Menu Tutup

Pengalaman HSG (Histerosalpingografi) oleh dokter wanita

Pengalaman HSG (Histerosalpingografi)

Kali ini saya akan berbagi Pengalaman pribadi yang baru-baru ini terjadi. Pengalaman ini saya tuliskan dengan harapan dapat memberikan beberapa informasi berdasarkan apa yang saya alami. Artikel ini saya tulis juga sebagai kenangan, karena telah melewati tahap yang tidak biasa bagi kebanyakan perempuan. Melalui artikel Pengalaman HSG (Histerosalpingografi) oleh dokter perempuan ini saya akan sedikit berbagi pengalaman mengenai awal mula kenapa diharuskan tes HSG serta ketika tes HSG itu sendiri.

Sedikit tentang HSG (Histerosalpingografi)
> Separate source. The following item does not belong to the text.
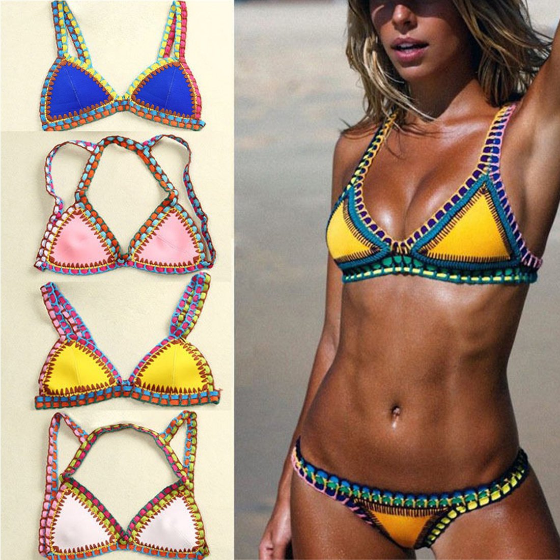 Damen Neopren Bikini Bademode Sommer Gepadddete Cups Trager Bikini Bunt Gemustert Einzigartiges Design Mode Und Dessous Mit Stil Young Fashion

Untuk mengetahui penjelasan lebih banyak tentang HSG, Anda bisa mencarinya langsung di tab selanjutnya. Kali ini saya akan menjelaskan secara garis besarnya saja. Tujuan dilaksanakannya tes Histerosalpingografi (HSG) ini untuk melihat adanya sumbatan atau tidak pada tubafalopi hingga uterus (rahim). Ada pula tujuan medis lain yang direkomendasikan untuk melaksanakan tes HSG.

Tes ini dilakukan dengan memasukkan cairan kontras melalui vagina untuk selanjutnya dilihat menggunakan sinar Rontgen apakah ada sumbatan atau tidak. Melalui hasil Rontgen ini, masalah-masalah yang terjadi pada tubafalopi hingga uterus dapat terlihat.

Kenapa harus HSG

Untuk menjawab kenapa harus HSG, saya akan menceritakan pengalaman yang telah saya jalani. Tes ini tidak bisa di laksanakan secara suka-suka seperti USG (Ultrasonografi). Untuk melaksanakan HSG, Anda perlu surat rujukan dari dokter spesialis kandungan.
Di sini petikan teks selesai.